The present was a posthistorical era, in which thinkers could merely
“contemplate the stranded objects of history washed up on the shore.”55
Jünger’s posthistoire vision was shared by other far-right intellectuals
after 1945 who ceased to believe that revolutionary change was just
around the corner. For Armin Mohler, the West had entered an unhappy
“interregnum.” For Julius Evola, it was “Kali Yuga”—a Hindu term for a
dark age of strife preceding a cyclical rebirth—in which aristocrats of
the soul could only “ride the tiger” of secular modernity.56
It would be hard to overstate Jünger’s importance for the New Right,
especially in Germany, Austria, and France, where activists like Armin
[End Page 42] Mohler and Alain de Benoist not only praised and defended
Jünger’s works, but enjoyed close access to him as well. A recent
assessment of New Right ideology classed Jünger among the movement’s
“intellectual forefathers” and traced this “great fascination” to
Jünger’s “oppositional stance toward the National Socialist regime and
the resulting ability to annex his thought world politically.”57
Jünger’s influence on New Right counterculture is no less profound,
though less widely acknowledged in the scholarly literature. The chords
of Jüngerian cultural despair were unmistakable in a 1995 Junge Freiheit
article by Roland Bubik, which damned the “emptiness” of Germany’s
consumer society and called for a “counterculture” that would “create on
the basis of [the Right’s] own standards something new atop the
postmodern ruins.”58 This call, Horst Seferens observed, fits
comfortably within the discursive boundaries of Jünger’s later works,
which pioneered the “turn to culture” that became typical of the
Conservative Revolution’s metapolitical reinvention.59
Given the New Right’s perpetual reading of the present as a time of
crisis, it is unsurprising that they remain activists in some form. As
Rüdiger Graf pointed out, the feeling of crisis is rooted in a “dramatic
plot” that views the present as a “moment of decision” poised between
disaster and salvation, in which one must “act in order to prevent the
undesirable and realize the desirable option.”60 The decision faced by
figures like Jünger or Bubik is not between political activism and
political quietism, but between the actions appropriate for either
short-term insurrection (the optimistic beachhead stance) or long-term
survival (the pessimistic refugium position). Jünger’s sprawling oeuvre
supplies ideas and canonical texts serviceable to each. In both modes,
Jünger articulated what the historian Barbara Rosenwein would call the
“emotional community” of New Right counterculture, defined by
“fundamental assumptions, values, goals, feeling rules and accepted
modes of expression.” Such an emotional community can extend beyond
direct social interaction to include a “textual community” of readers
and writers as well.61
The New Right’s crisis mentality and emotional community can be seen in
one of Jünger’s signature notions—the “lost post” (der verlorene
Posten). Despite its military connotations, Jünger first described the
“lost post,” not in his Weimar-era accounts of trench warfare, but in a
1938 book called The Adventurous Heart: Figures and Capriccios. There
Jünger described the “lost post” as the fate that befalls small groups
or whole communities when they [End Page 43] find themselves fighting a
losing battle against the course of history. Though he named many
examples—Moorish Grenada, Old Regime aristocrats in revolutionary Paris,
the holdouts in besieged cities like Carthage or Saguntum—Jünger clearly
intended the “lost post” to resonate with readers opposed to the Nazis
and stranded, as he was, in the inner emigration. Those holding a “lost
post,” Jünger argued, experience a special kind of solidarity and moral
clarity: reliance on one another fosters a “feeling of spiritual
brotherhood,” in which each knows they must bear witness to the values
and way of life that are under threat. Holding a lost position sometimes
means standing one’s ground to the “last man.” “The representative power
of the individual can be tremendous,” Jünger assured his readers.

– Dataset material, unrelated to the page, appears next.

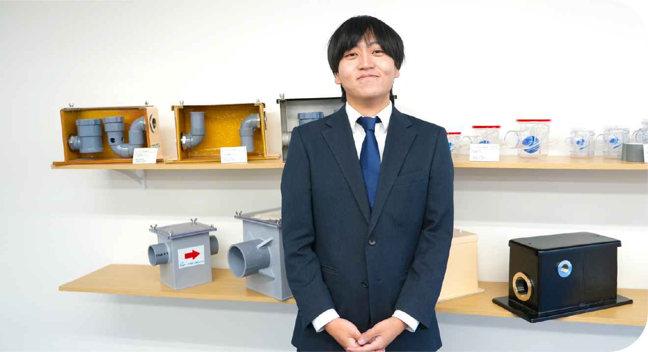 大学時代、趣味で友人とデニムにオリジナル加工を施し販売していた経験があり、ニッチな製品を自分たちの工夫で届けていく面白さに魅力を感じてました。それに加え、もともと人と話すことが好きという性格を活かし、“知名度の高くない製品を自分の力で広めていきたい″という思いが就職活動の軸でした。その軸で就職活動を進めていた中で出会ったのが、当社です。当社の製品は、普段目に触れる機会こそ少ないものの、人の生活を支える非常に重要な存在であり、まさに「ニッチだが価値の高い製品」だと考えています。だからこそ、自分自身の能力を最大限発揮できる環境だと思い、志望しました。今でもその気持ちは変わらず、「ニッチだが価値の高い製品」を自分たちの工夫で届けていく面白さにやりがいを感じています。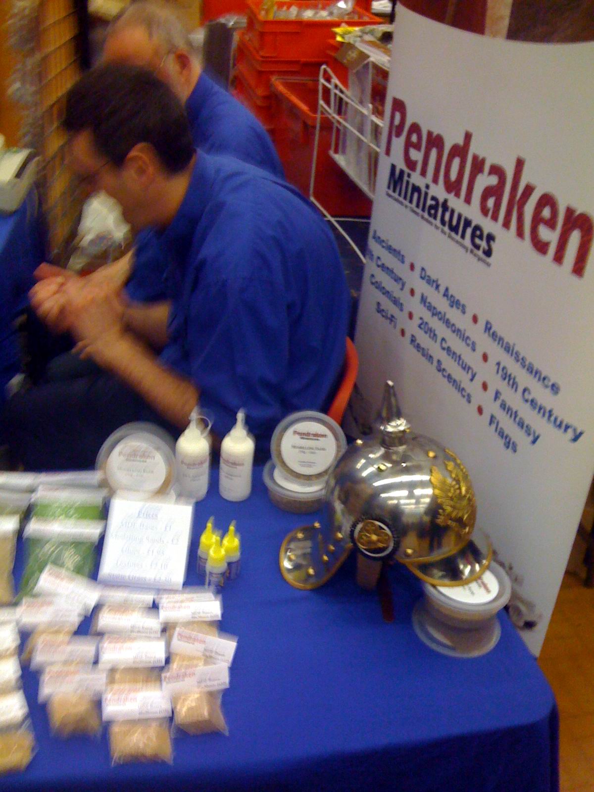 Checked out several 15mm ranges of Napoleonic Prussians for my Lasalle project and was impressed with the Essex and Old Glory ranges and with Black Hat miniatures of whom I knew nothing. Bought several rule books (addiction continues...........) and of course a 'few' figures (some 15mm Selecuid types as allies for my Galatians and Adler 6mm WWII British -lovely little men those), several terrain items purchased and yet more dice (there has to be one of the millions in existence that doesn't hate me !?)

“[H]istory provides us with examples of how a single honest witness
turned a verdict around, though the millions remained silent.”62
After 1945, Jünger saw himself still occupying a “lost post”—a spokesman
for a supposedly wholesome Conservative Revolutionary philosophy that
had been betrayed by Nazism and was now officially spurned in the new
German Federal Republic. Jünger’s post-1945 works intended to foster a
counterpublic in which this philosophy could be circulated during what
he assumed would be long years in the wilderness. What is striking,
however, is Jünger’s pessimism about the ability of this alternative
cultural space to effect any immediate political change. This is
illustrated by his decision, in spring 1949, to withdraw from plans to
establish a new journal. The publication would have included editorial
work by Martin Heidegger, the political theorist Carl Schmitt, and
several others sympathetic to the Conservative Revolution. The plan came
to naught, however, because of Heidegger and Jünger’s unwillingness to
appear as political actors and risk the attacks they feared such a
journal would draw. Although Heidegger and Jünger “saw themselves as
members of an intellectual opposition” to the new liberal-democratic
West German republic, they were reluctant to become “active dissidents.”
For Heidegger and Jünger, the West German public sphere was just a
left-liberal version of the stifling intolerance that had marked the
Nazi public sphere. In their view, both regimes ruthlessly attacked
political enemies and free thinkers who broke with political
orthodoxy.63 In Heidegger’s view, a new “awakening” could no longer be
actively brought about but could only be awaited with philosophical and
artistic “readiness.” “Only a God can save us,” Heidegger famously
declared in a 1966 interview.64 [End Page 44]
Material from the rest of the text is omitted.